12. The method of claim 1, wherein the wound is a partial thickness skin wound.

13. The method of claim 1, wherein the step of irradiating is performed at an irradiance of less than about one watt per centimeter squared (W/cm2).

14. The method of claim 1 and further comprising repeating the steps of delivering, irradiating, and activating periodically until the wound is closed.

15. The method of claim 1 and further comprising repeating the steps of delivering, irradiating, and activating periodically until the wound is fully healed.

16. The method of claim 1 and further comprising applying a tissue graft to the wound after the steps of delivering, irradiating, and activating.

17. The method of claim 16 and further comprising: delivering the activating agent to the tissue graft; andirradiating the tissue graft with the electromagnetic radiation source.

18. The method of claim 1 and further comprising applying one of cells and growth factors to the wound after the steps of delivering, irradiating, and activating.

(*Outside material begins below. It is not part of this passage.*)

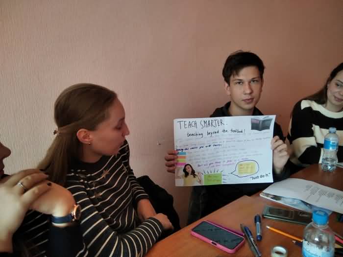 Звичайне, за розкладом, заняття — і абсолютно надзвичайні студенти! Здобувачі вищої освіти освітньої програми «Англійська й німецька мови та зарубіжна література» другого (магістерського) рівня — Коркіш О., Катречко В., Літвінчук Д., Палій М., Подскальнюк О., Христук А., Шокодько А. (група АН25М) — за 20 хвилин можуть, наприклад, створити рекламний постер.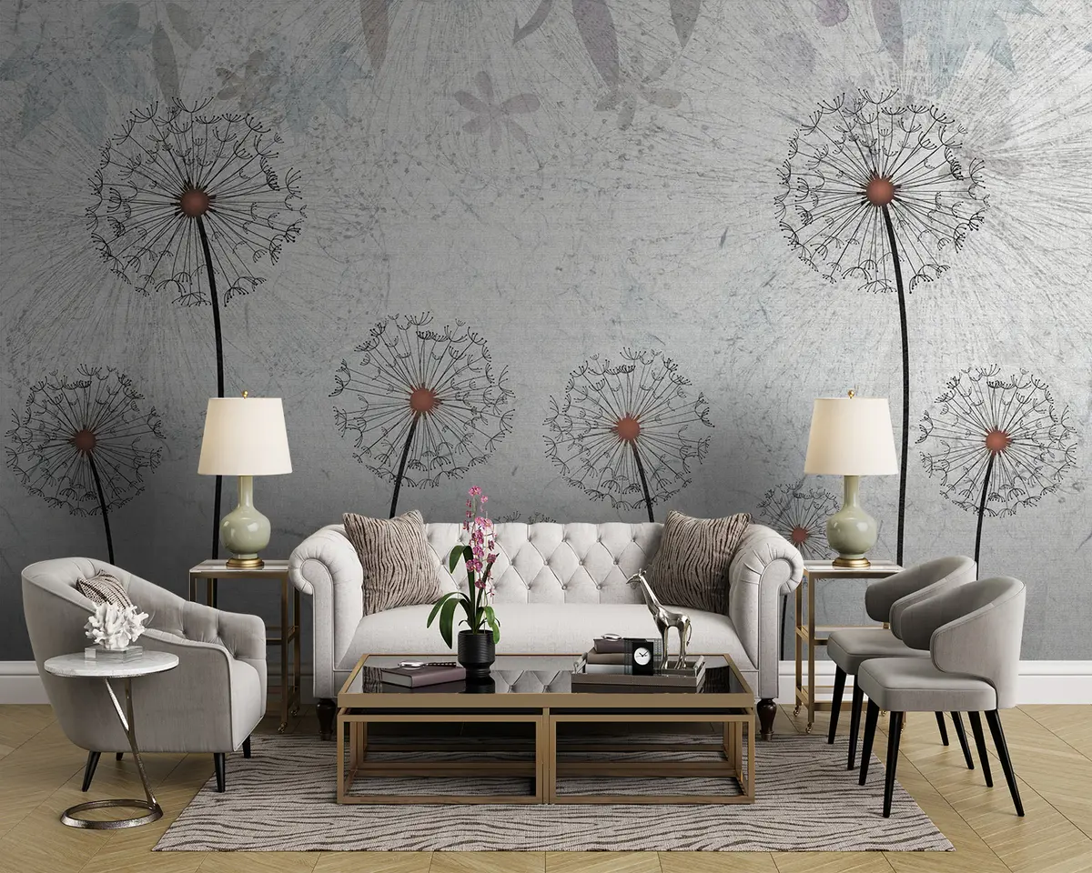 Fotomurales Dientes de león en un fondo gris claro Nr. u93968

19. The method of claim 18, wherein the cells include one of epithelial cells, stromal cells, adipocytes, adipose derived stem cells, smooth muscle cells, melanocytes, stem cells, endothelial progenitor cells, blood cells and immune cells.

20. The method of claim 1 and further comprising treating the wound with one of stromal vascular fraction, platelet rich plasma, fibrin, platelet-derived growth factor, (TFG)-β, fibroblast growth factor, and epidermal growth factor after the steps of delivering, irradiating, and activating.